— The data —

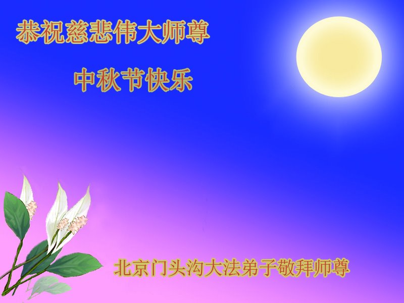 感谢您用“真、善、忍”法理指导我走过这么多年人生路,在此佳节祝您中秋快乐!
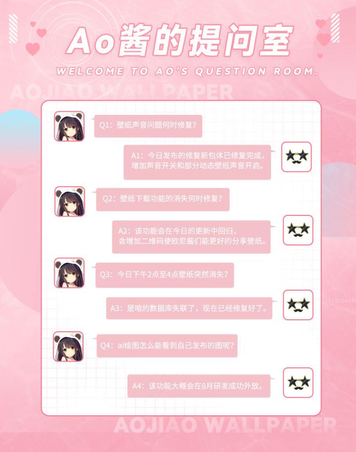 亲爱的欧尼酱:Ao酱先代表《傲娇壁纸》制作组向各位欧尼酱说一声抱歉,ai聊天新功能还处于测试阶段,可是我们的程序员们却先一步病倒了/(ㄒoㄒ)/~~,也请欧尼酱们在疫情复发期间出门要注意防护,身体健康才是革命的本钱!不过还请欧尼酱们放心,Ao酱会做好传达的工作,将欧尼酱对新版本的建议与反馈如实记录,再将负责人的回复与修复周期传达给大家,我们会正视当前存在的问题,并去尝试解决。流量bug问题于
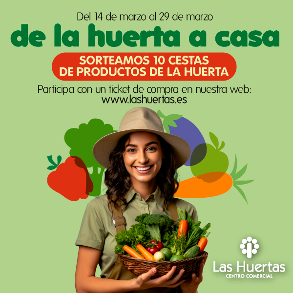 ¡Este marzo, en el Centro Comercial Las Huertas, tenemos una promoción increíble para ti! Desde el 14 hasta el 29 de marzo de 2025, rellena el formulario con tus datos y participa en el sorteo de 10 cestas de productos de la huerta.
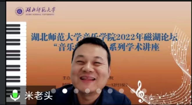 2022年11月23日19点,音乐学院举行2022年磁湖论坛系列讲座第二期,讲座采取线上腾讯会议形式,邀请中央民族大学马克思主义学院副院长、教授苏海舟主讲,题为《新民主主义革命时期中国共产党的重大决策与启示——我们是如何走向胜利的》,我院副院长李海萌主持,音乐学院全体教师、研究生共同参加。
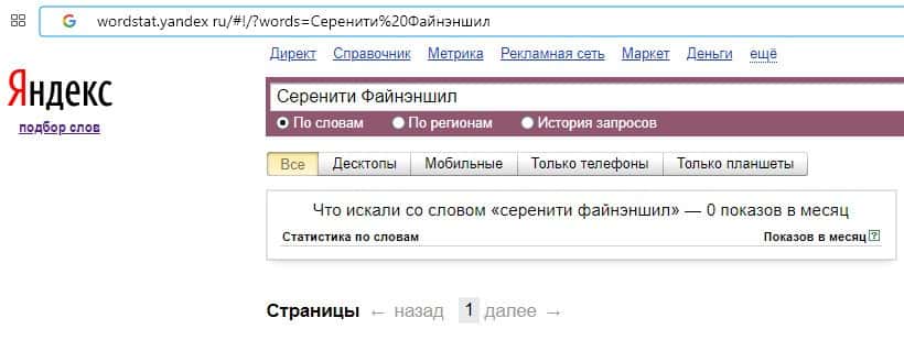 О брендовых запросах названия компании на русском языке "Серенити Файнэншил" на Яндекс Вордстарт ничего не известно.

— Goal of the exercise —
Everything from the line containing "2022年11月23日19点" through the end of the data should be printed exactly, line for line, except the pictures.

— Answer to the problem —
 2022年11月23日19点,音乐学院举行2022年磁湖论坛系列讲座第二期,讲座采取线上腾讯会议形式,邀请中央民族大学马克思主义学院副院长、教授苏海舟主讲,题为《新民主主义革命时期中国共产党的重大决策与启示——我们是如何走向胜利的》,我院副院长李海萌主持,音乐学院全体教师、研究生共同参加。
 О брендовых запросах названия компании на русском языке "Серенити Файнэншил" на Яндекс Вордстарт ничего не известно.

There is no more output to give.